STORED DATA Start Marker
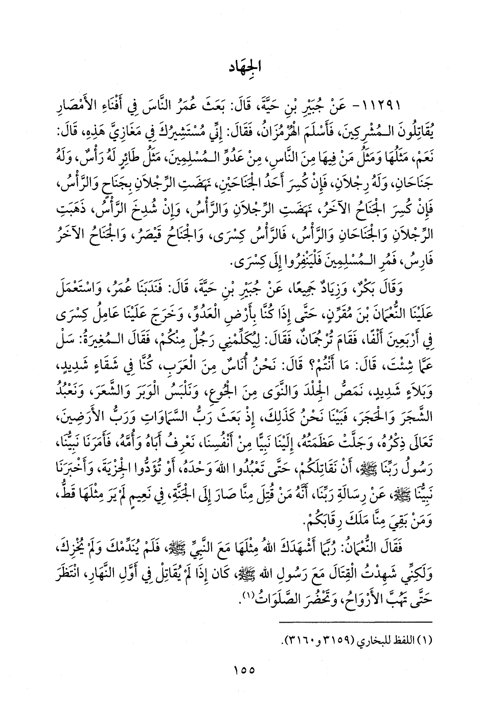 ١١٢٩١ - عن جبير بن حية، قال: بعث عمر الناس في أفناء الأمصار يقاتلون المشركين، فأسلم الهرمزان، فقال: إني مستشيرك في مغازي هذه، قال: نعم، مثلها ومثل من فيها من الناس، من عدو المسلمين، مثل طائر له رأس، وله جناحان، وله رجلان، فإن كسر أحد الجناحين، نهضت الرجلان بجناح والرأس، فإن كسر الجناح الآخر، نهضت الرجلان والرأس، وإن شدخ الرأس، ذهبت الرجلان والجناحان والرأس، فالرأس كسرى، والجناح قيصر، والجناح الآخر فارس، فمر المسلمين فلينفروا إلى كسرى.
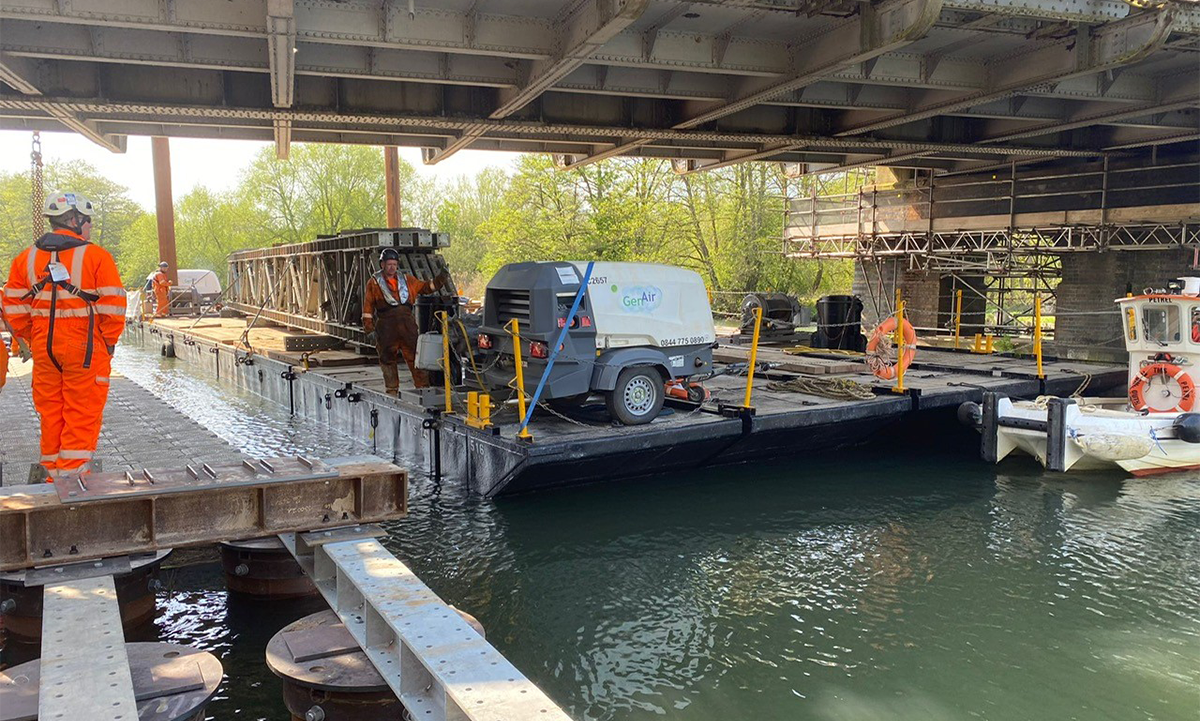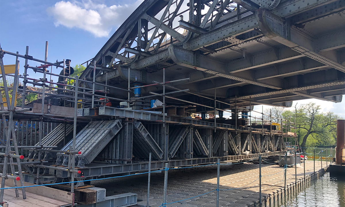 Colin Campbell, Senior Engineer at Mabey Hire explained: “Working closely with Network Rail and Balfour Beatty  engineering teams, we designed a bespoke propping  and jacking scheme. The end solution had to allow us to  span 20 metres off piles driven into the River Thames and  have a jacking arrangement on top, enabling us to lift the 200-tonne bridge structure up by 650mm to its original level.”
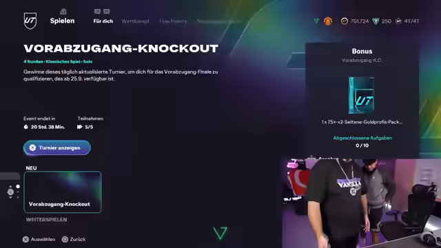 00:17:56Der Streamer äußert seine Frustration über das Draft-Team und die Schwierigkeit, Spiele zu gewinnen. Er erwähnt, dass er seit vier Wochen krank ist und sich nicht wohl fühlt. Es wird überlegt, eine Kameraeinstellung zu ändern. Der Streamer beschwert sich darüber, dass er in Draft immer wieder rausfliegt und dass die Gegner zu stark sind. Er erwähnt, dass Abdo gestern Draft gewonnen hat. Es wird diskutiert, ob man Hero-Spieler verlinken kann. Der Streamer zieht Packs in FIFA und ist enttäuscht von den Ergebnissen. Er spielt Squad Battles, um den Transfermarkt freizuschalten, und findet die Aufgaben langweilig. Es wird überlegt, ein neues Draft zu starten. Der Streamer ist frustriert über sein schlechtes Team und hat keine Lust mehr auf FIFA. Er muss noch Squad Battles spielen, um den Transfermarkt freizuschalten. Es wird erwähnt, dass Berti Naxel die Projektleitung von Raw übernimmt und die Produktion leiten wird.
STORED DATA End Marker
▶ [AIM OF THE TASK]:
Without the pictures, transcribe the listing exactly as it stands.

▶ [OUTPUT]:
 ١١٢٩١ - عن جبير بن حية، قال: بعث عمر الناس في أفناء الأمصار يقاتلون المشركين، فأسلم الهرمزان، فقال: إني مستشيرك في مغازي هذه، قال: نعم، مثلها ومثل من فيها من الناس، من عدو المسلمين، مثل طائر له رأس، وله جناحان، وله رجلان، فإن كسر أحد الجناحين، نهضت الرجلان بجناح والرأس، فإن كسر الجناح الآخر، نهضت الرجلان والرأس، وإن شدخ الرأس، ذهبت الرجلان والجناحان والرأس، فالرأس كسرى، والجناح قيصر، والجناح الآخر فارس، فمر المسلمين فلينفروا إلى كسرى.
 Colin Campbell, Senior Engineer at Mabey Hire explained: “Working closely with Network Rail and Balfour Beatty  engineering teams, we designed a bespoke propping  and jacking scheme. The end solution had to allow us to  span 20 metres off piles driven into the River Thames and  have a jacking arrangement on top, enabling us to lift the 200-tonne bridge structure up by 650mm to its original level.”
 00:17:56Der Streamer äußert seine Frustration über das Draft-Team und die Schwierigkeit, Spiele zu gewinnen. Er erwähnt, dass er seit vier Wochen krank ist und sich nicht wohl fühlt. Es wird überlegt, eine Kameraeinstellung zu ändern. Der Streamer beschwert sich darüber, dass er in Draft immer wieder rausfliegt und dass die Gegner zu stark sind. Er erwähnt, dass Abdo gestern Draft gewonnen hat. Es wird diskutiert, ob man Hero-Spieler verlinken kann. Der Streamer zieht Packs in FIFA und ist enttäuscht von den Ergebnissen. Er spielt Squad Battles, um den Transfermarkt freizuschalten, und findet die Aufgaben langweilig. Es wird überlegt, ein neues Draft zu starten. Der Streamer ist frustriert über sein schlechtes Team und hat keine Lust mehr auf FIFA. Er muss noch Squad Battles spielen, um den Transfermarkt freizuschalten. Es wird erwähnt, dass Berti Naxel die Projektleitung von Raw übernimmt und die Produktion leiten wird.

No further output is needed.